在宅介護エキスパート協会代表。会社員として働きながら親の介護を10年以上経験し、社会福祉士、精神保健福祉士、宅地建物取引士、ファイナンシャルプランナーなどの資格を取得。自治体の介護サービス相談員も務め、多くのメディアで執筆。著書『入院・介護・認知症…親が倒れたら、まず読む本』(プレジデント社)がある。

遠距離介護が始まるきっかけ

 筆者の両親は、父親の定年を機に地元の静岡に戻って2人暮らしをしていました。当時70代後半だった両親は、まだ介護が必要ではなかったものの、生活面で少し不安を感じるようになりました。そこで私は、「老後の人生は孫たちとも食事や旅行を楽しんでもらいたい」と思い、私が住んでいる神奈川・川崎市に呼び寄せることにしました。
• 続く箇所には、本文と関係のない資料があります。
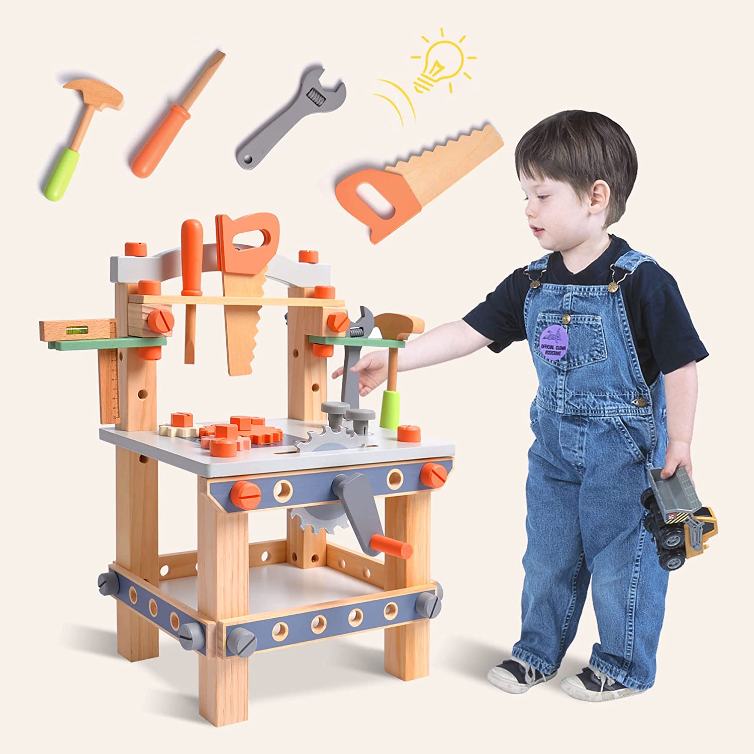 ⭐[Material and Quality]- Made of solid wood. Grinding irregular edges and corners, ensure no edges and corners and burrs, protect children's skin, let children play at ease, adults are also more at ease. kids tool bench.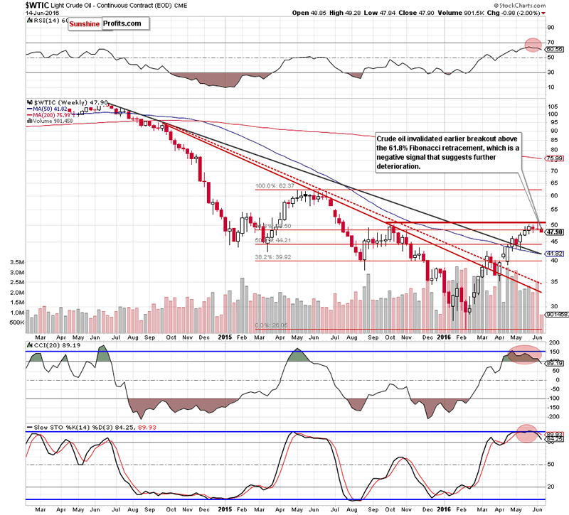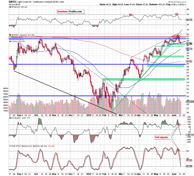 (...) crude oil extended losses, closing the day under the barrier of $50 and invalidating earlier breakout above it, which is a negative signal, which suggests a drop to the blue support line based on the late May and Jun lows. If it is broken, oil bears will test the green support zone created by the late-May and Jun lows (around $47.40-$47.75) in the coming day(s).

 父が現役時代に生活していた川崎市は、両親にとっても馴染みのある場所です。母親は何も言いませんでしたが、父親は「それもいいな」と賛成してくれ、私の自宅の近くにマンションを借りて暮らし始めました。

「娘の近くなら安心だろう」と、その頃の私は、親孝行をしたと信じて疑いませんでした。

 私は毎日仕事帰りに親の家に寄っていたのですが、ひと月、ふた月と経つうちに、母親が布団で寝ていることが多くなりました。実はこの時、母がアルツハイマー型認知症の初期段階だったことが後の検査でわかります。

 静岡の実家は戸建てで、窓から自然を眺めたり、ご近所さんが行き来したりする環境でした。そんな母にとってマンション生活でふさぎがちになっていたことも良くなかったのかもしれません。

 半年後、父親から「元の家に帰りたい」と相談がありました。幸いなことに、実家は借り手がつかず空き家だったので、両親は再び静岡に戻って暮らすことになったのです。こうして、筆者は川崎と静岡を往き来する遠距離介護が始まりました。

 この経験をふまえ、遠距離介護に必要なことや準備しておくべきことについて解説していきます。

「これだけはやっておきたい」3つのこと

 遠距離介護には様々なリスクがあります。孤独死も悲しい例ですが、転倒して骨折した、薬を飲み忘れていた、訪問販売の詐欺にあっていた、食事や水分を十分とっていなかった、など親の状態によっては危険な事態が起こる可能性は多々あります。

 ある時、日帰りで静岡まで様子を見に行き、20時ころ川崎の自宅に帰宅。やれやれと思っていた矢先、父親から「おばあちゃん(母親)が階段から落ちた!」とひと言だけの電話が。どんな状況なのか聞いても答えがありません。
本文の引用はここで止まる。